[Available data]
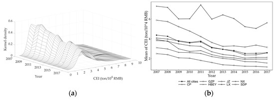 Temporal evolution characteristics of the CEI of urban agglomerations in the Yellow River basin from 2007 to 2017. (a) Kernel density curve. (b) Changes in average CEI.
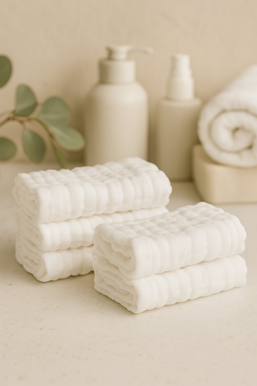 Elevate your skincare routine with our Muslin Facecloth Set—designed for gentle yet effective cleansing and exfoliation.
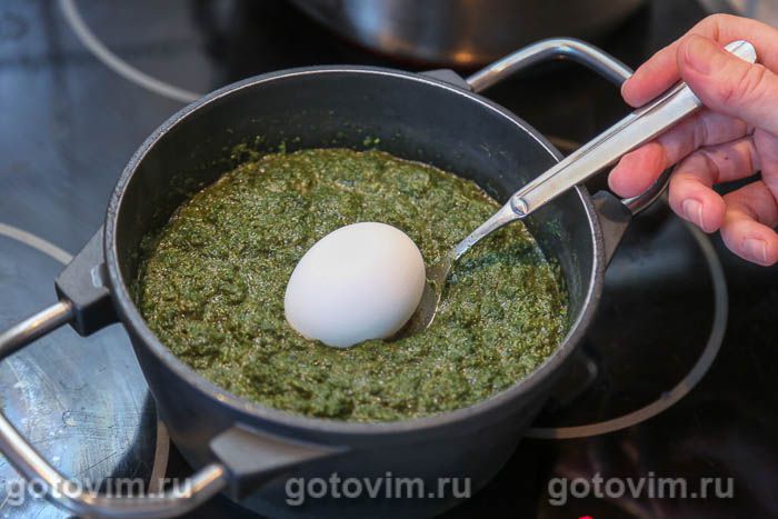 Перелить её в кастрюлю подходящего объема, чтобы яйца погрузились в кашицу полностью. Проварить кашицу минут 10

---

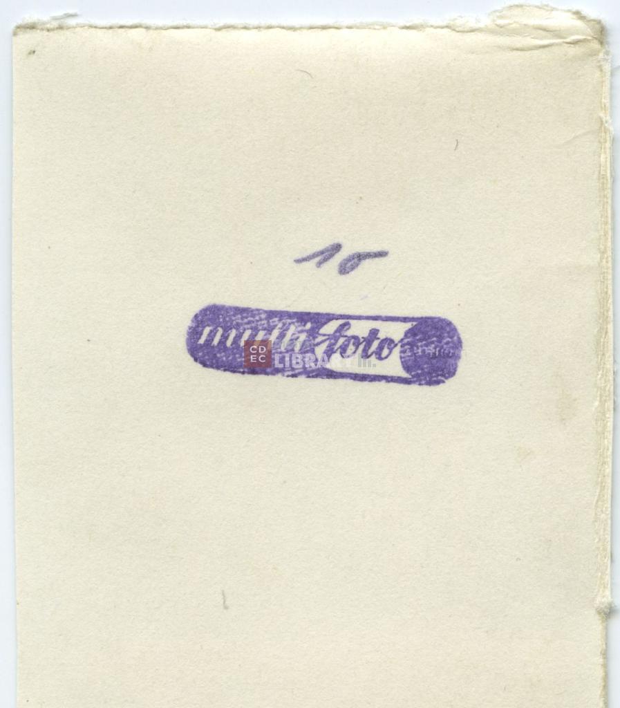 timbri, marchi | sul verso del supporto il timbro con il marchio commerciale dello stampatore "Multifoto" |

[Task] Copy exactly, without pictures, the lines above from the one with "Elevate your skincare" down to the one with "Перелить её в", inclusive.

[Reply]
 Elevate your skincare routine with our Muslin Facecloth Set—designed for gentle yet effective cleansing and exfoliation.
 Перелить её в кастрюлю подходящего объема, чтобы яйца погрузились в кашицу полностью. Проварить кашицу минут 10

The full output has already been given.